The Zaporozhians felt their strength mounting. This was no longer the emotion of a wild and careless group, but that of strong, sturdy men slow to flare up, but when they did, the fire within them raged resolute and long.
“Hang the Jews!” someone in the crowd yelled. “We will not have their women make skirts out of our priests’ cassocks! We will not have them mark our Easter cake. Drown the rascals in the Dnieper!”
These words darted like lightning through the crowd, and the Cossacks surged toward the settlement to slaughter the Jews.
The poor sons of Israel, losing the little courage they had, hid in empty vodka barrels and inside stoves; they even crawled beneath the skirts of their women. But the Cossacks found them all.
“Most exalted and illustrious gentlemen!” shouted one of the Jews, tall and thin as a stick, his pitiful face, twisted with fear, jutting out of a heap of people. “Illustrious gentlemen! Let us speak! Just a word or two! We will tell you things you have never yet heard, things so important, words cannot describe how important!”
“Let them speak!” Bulba said. He always liked to hear what the accused had to say.
“Illustrious gentlemen, gentlemen the like of which the world has never before seen,” the Jew spluttered, “no, by God, never ever before seen! The best, the kindest and most valiant gentlemen in the whole world!” His voice faltered and trembled with fear. “How can you even think we ever disliked the Zaporozhians? The men going about the Ukraine putting everything under pledge are not our people! By God, they are not! The devil knows who they might be, but they are not Jews in any way! They should be spat at and chased away! The men here next to me agree, don’t you, Shloyme, Shmul?”
“By God, he is right!” Shloyme and Shmul, white as chalk, their yarmulkes tattered, called from the crowd.
“We have never yet hobnobbed with your enemies,” the lanky Jew continued. “And as for the Catholics, we want nothing to do with them, may the devil visit them in their dreams! To us all Zaporozhians are like our very own brothers—”
“What! Zaporozhians your brothers!” someone yelled from the crowd. “You won’t live to see the day, you damn Jews! Into the Dnieper with them! Drown the whole lot!”
These words were like a signal. The Cossacks grabbed the Jews by the arms and hurled them into the river. Pitiful shouts came from all around, but the grim Zaporozhians only laughed at the sight of the Jews’ shod and stockinged legs flailing in the air. The poor orator, realizing that he had tightened the noose of disaster around his own neck, jumped out of his caftan, by which the Cossacks had grabbed him and, in his tight, brightly colored camisole, threw himself on the ground and grasped Bulba’s foot.
“Great lord and most illustrious gentleman! I knew your deceased brother, Dorosha! He was a soldier who was an ornament of chivalry! I gave him eight hundred gold ducats when he had to buy himself out of the Turk’s captivity!”
“You knew my brother?” Taras asked.
“By God, I did! He was a bighearted gentleman!”
“What is your name?”
“Yankel.”
“Very well,” Taras said, and then, after a moment’s thought, turned to the Cossacks. “There’ll be time enough to hang this Jew later if we need to, but for now give him to me.”
Taras took Yankel to his cart, beside which his Cossacks were standing.
“Crawl under there and don’t move! And you, brothers, don’t let the Jew get away.”
Taras Bulba headed for the square where all the Cossacks had gathered. As they were now to set out on a land campaign, they had all left the shore and the skiffs; they no longer needed boats, but rather carts and horses. Everyone, young and old, wanted to march on the campaign. All, together with the council of commanders, the captains, the Ataman, and the will of the whole Zaporozhian army, decided to march on Poland to avenge the evil that had come upon the Ukraine and the shaming of the True Faith and Cossack glory, to loot the towns, set fire to villages and granaries, and spread Cossack glory far over the steppes. Everyone was strapping on gear and armor. The Ataman had grown a good two feet in stature. He was no longer the soft-spoken executor of the erratic will of the men who had elected him.
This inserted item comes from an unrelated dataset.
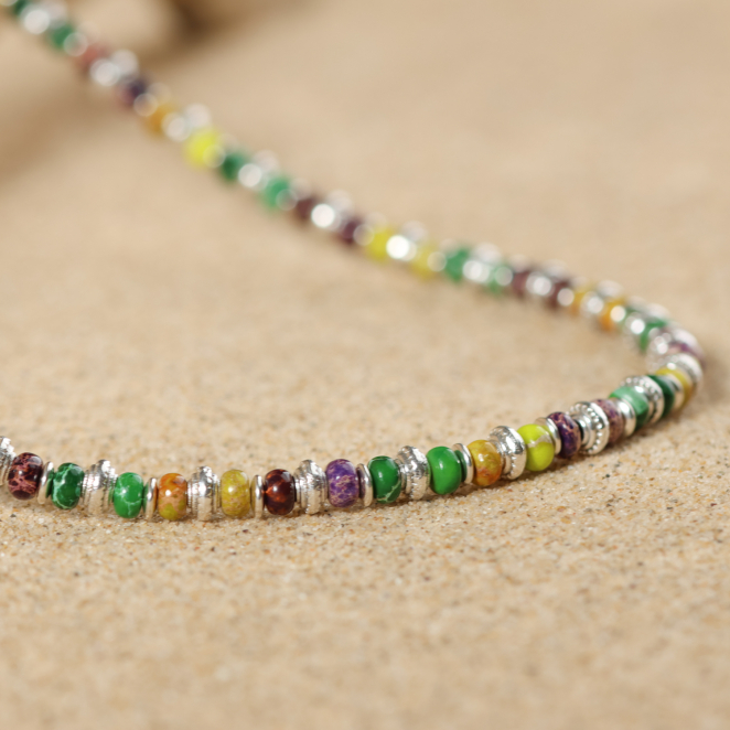 Ajoutez une touche de gaieté à votre look avec le collier Yaëlle. Ce collier, fait à la main, capture l’esprit des vacances et du littoral avec ses nuances vives et éclatantes. Chaque perle raconte une histoire de couleurs, évoquant les reflets changeants des vagues sous le soleil. Léger et pétillant, il sera illuminer vos journées et sublimer vos tenues d’une note bohème et raffinée. Parfait pour celles qui aiment se distinguer avec élégance et originalité.

He was now the absolute ruler, the despot. All the headstrong, carousing knights now stood neatly in rows, their heads respectfully lowered. They did not dare raise their eyes when the Ataman gave his orders, and he gave them in a quiet and unruffled tone, never raising his voice, in the measured words of an old, experienced Cossack who was, not for the first time, executing a cleverly thought-out enterprise.
“Check everything, check everything well,” he said. “Check your carts and the tar for the wheels, try out your weapons. Do not take too many clothes with you, just a shirt and two trousers, and a pot of flour paste and one of ground millet. I don’t want anyone to take more with him. All the provisions we need will be kept on our supply carts. I want every Cossack to have two horses. And we will take two hundred pair of oxen, for we will need them when we get to river crossings and swamps. And what is most important, I want you to keep order! I know that there are those among you who, the moment God sends some loot your way, will drop everything to shred Chinese silks and precious velvets into foot wrappings.